Pneumonia’s instrumentation and production are rather slick; Caitlin Cary’s fiddle becomes a violin (that definition is all about context, ya know), and electric guitars are marginalized in favor of 60’s keyboard tones we’ve all heard plenty of times before. This can be attributed to collaborators 1) Ethan Johns, son of the legendary Glyn Johns, who produced the album, and 2) Ryan’s right hand man at this time, multi-instrumentalist Mike Daly, who co-wrote about half the songs here. Fortunately, behind all the dressings, the material is still strong (at least for a while). I guess it’s no surprise that my favorite songs here are the ones that sound most like Whiskeytown – the sentimental “Jacksonville Skyline” is up there with the best Ryan Adams songs, and I’m perhaps even more impressed with “Sit & Listen To The Rain,” to which I can draw a parallel from “Dancing With The Women At The Bar” in that they’re both furrowed brow country songs on which sounds like Ryan really means it. And while “Reasons To Lie” and “Under Your Breath” aren’t the best quiet, contemplative, introspective (or self-absorbed?) acoustic Ryan Adams songs that you’re liable to hear, I’ll take ‘em as worthy stabs at the form – precursors to Heartbreaker, perhaps. James Iha of the Smashing Pumpkins plays guitar and co-writes the predictably cheery “Don’t Be Sad,” a factual tidbit that I do not care about at all. However, I do care that Tommy Stinson of the dearly departed Replacements apparently guests somewhere on here! I’d tell you where, but I don’t actually know where. And who says I should? What do I look like, Wikipedia?
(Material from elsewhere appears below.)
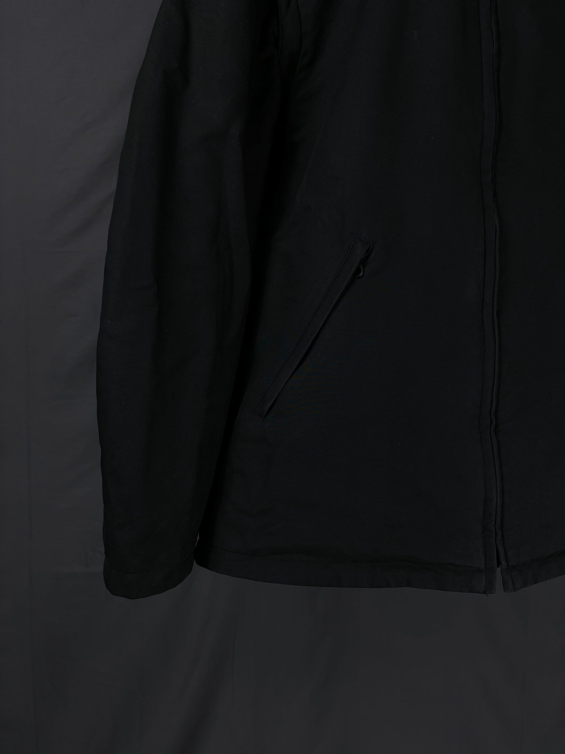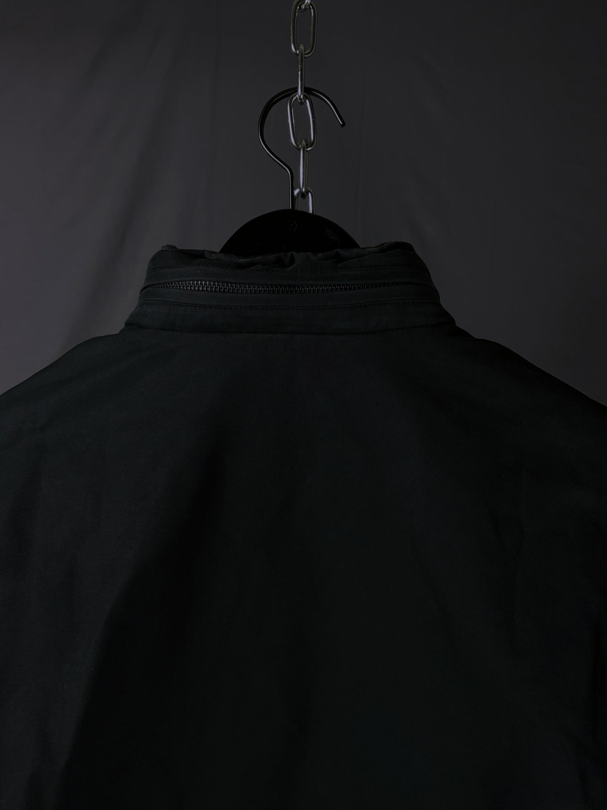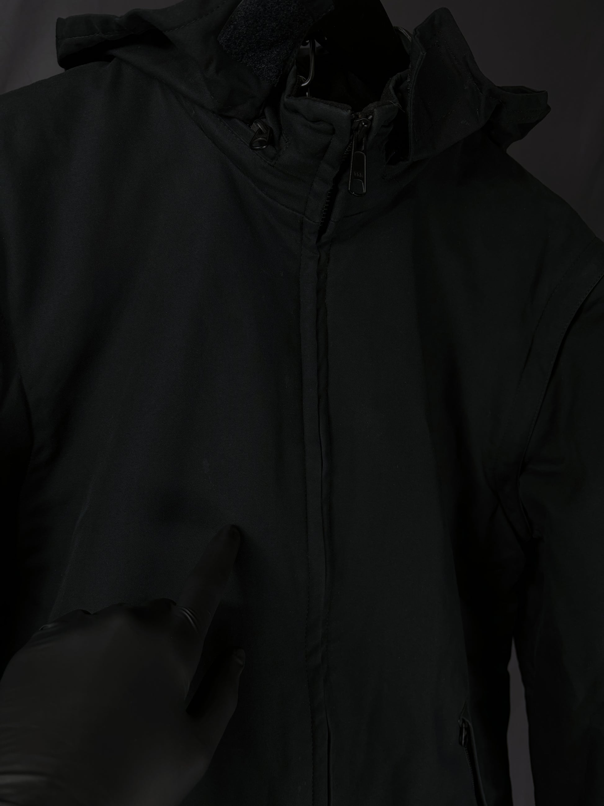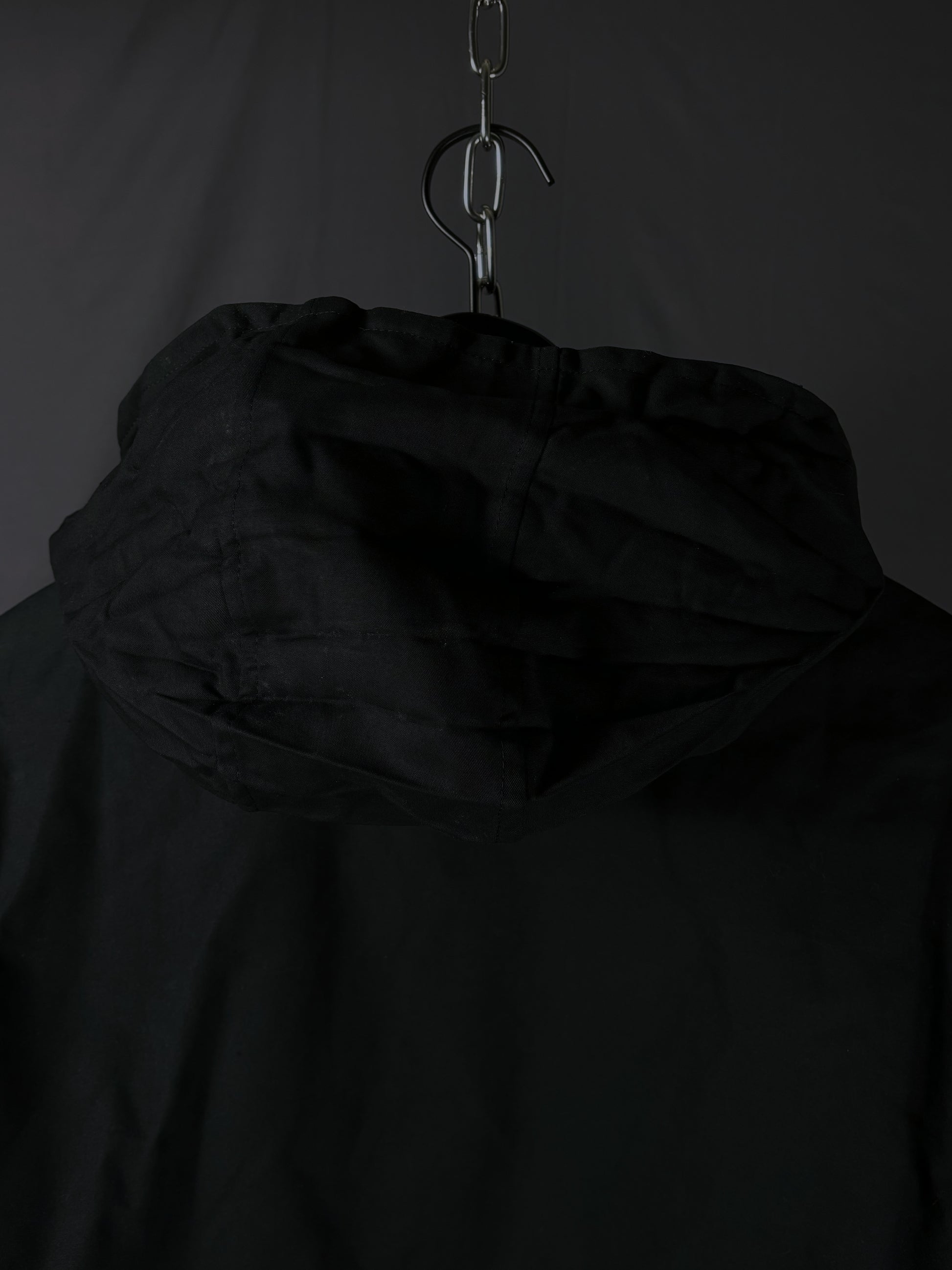 This jacket by General Research from 2000 is made with a 100% cotton outer and features a modular design with zip-off sleeves that convert it into a vest. It includes a packable hood stored in the collar, along with a full front zip closure and zippered pockets. The interior is double-lined for insulation, with a wool/nylon blend as the first layer and a polyester second layer for added warmth and comfort.

The first eight songs here are entirely solid and melodic, but the album really loses me on the back half. The efforts to reestablish some legitimacy after the turds that clog up tracks 9 and 10 are mostly inadequate, commencing with MOR acoustic-electric rocker “Crazy About You” and the embarrassingly blatant Bruce Springsteen rip off “My Hometown” (no, not a cover. Just a rip off). Did they not notice that Ryan was singing in a very obvious approximation of Bruce’s weird fake hick accent? Or that the lyrics contained a bunch of strained “folksy” language a la Bruce? Or that Bruce also has a very fucking famous song called “My Hometown?” Was it supposed to be a parody? Or is it just a pathetically unimaginative attempt at “homage?” Well, you decide. I’m fair and balanced, and having just presented you with the clearly unbiased, objective facts, I shall refrain from further comment. In any case, the closing sequence isn’t brilliant either. The version of “Easy Hearts” on Forever Valentine proved that it’s a beautiful song, but here, it’s overproduced; “Bar Lights” is no more than decent, and the closing hidden track “To Be Evil” veers dangerously close to that dreaded “experimental” territory again and is thus probably the third shittiest song on the album. Or fourth, depending on how much the plagiarism of “My Hometown” bothers you.

I give the first half of this thing a B+ and the second half a high C+, so B sounds about right. It’s one of the weirder last albums I can think of in being such a departure from the band’s previous work without allowing them future opportunities to clarify/develop/redeem/reverse their new direction. Or to go in several directions at once – but I suppose that’s what Ryan Adams solo albums are there for.